Rated R. Running time: 1 hour 36.
Our content ratings (0-10): Violence 3; Language7; Sex/Nudity 7.
Our star rating (0-5): 2
Honor your father and your mother,
I am assuming that the Fifth Commandment refers to grandparents as well as parents. Thus working class slob Tammy (Melissa McCarthy), as we see in this road film, starts out violating this time-honored, because she has no respect, and little liking for her alcoholic grandmother Pearl (Susan Sarandon). But at the opening of the film, Pearl is far from her thoughts. She hits a deer that badly damages her car. Her face bleeding from impacting the windshield, the disheveled Tammy is late for her job at Topper Jack’s fast food restaurant. In one of the funniest firing scenes I’ve seen in a long time, her boss (played by her real life husband Ben Falcone, also director) tells her she is “terminated.” She leaves, but not without a noisy protest that disturbs fellow employees and customers. Judging by her petulant behavior, one wonders how she kept her job as long as she did.
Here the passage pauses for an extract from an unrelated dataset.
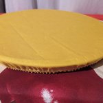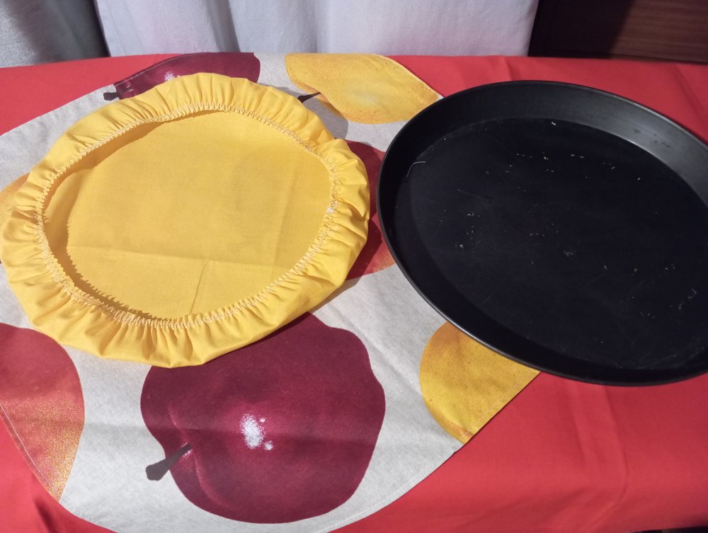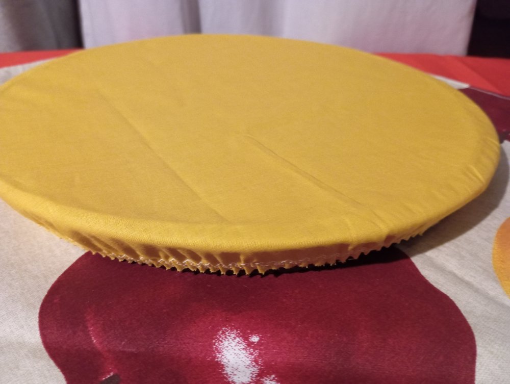 La charlotte est en coton jaune uni , elle est coupée et élastiquée pour un moule diamètre 32 cm .

Her bad day continues when she arrives home on foot, her car having conked out. She finds her husband serving up an intimate meal with Missi, a family friend. She flies off the handle, using the divorce word, and walks three houses down to her parents’ home and demands the keys from Mom (Allison Jenny) for either the truck or the car. Mom refuses, and this is when Grandma enters the picture, whiskey close at hand, offering to go on a trip with her. Pearl is the last person Tammy would choose, but when the old gal flashes a wad of bills—close to $7K—Tammy is suddenly agreeable. They set out for Niagara Falls, but a series of episodes in a Missouri state park and Louisville both fray and eventually cement their relationship.
The film has been panned virtually by all the critics, and yet, though I disliked the gutter language and acceptance of cheap sex, I have not laughed so much at a screening in a long time. The audience kept laughing so much that at times I could not hear a line of one character or another. Best thing for me about the film is the non-judgmental inclusion of Kathy Bates and Sandra Oh as the lesbian couple Lenore and Susanne who have lived together for almost as long as Tammy has been alive. During a moment at a July 4 party when the drunken Pearl has publicly humiliated Tammy, and Tammy has replied in kind, so that it looks like the two will part, Lenore imparts some wise advice to the younger woman that benefits both granddaughter and grandmother.
This movie is nowhere near the league of Thelma &Louise, but it is better than the professional critics are willing to admit, at least for those wanting simple-minded escapist entertainment—and are willing to put up with the already mentioned foul language and casual sex. The casting of the 40-something Melissa as the daughter of the 50-something Allison Janney, as well as Sarandon who is less than 20 years older than the star—this is a lot to swallow. But no one can play a loud-mouthed messy slob better than Melissa McCarthy, and then in the next scene manage to look well groomed and attractive. Because of the language and sexual content I won’t spend the time thinking up some discussion questions. I find it hard to imagine a faith group wanting to spend time with such a movie when so many really good comedies are available, such as Words and Pictures.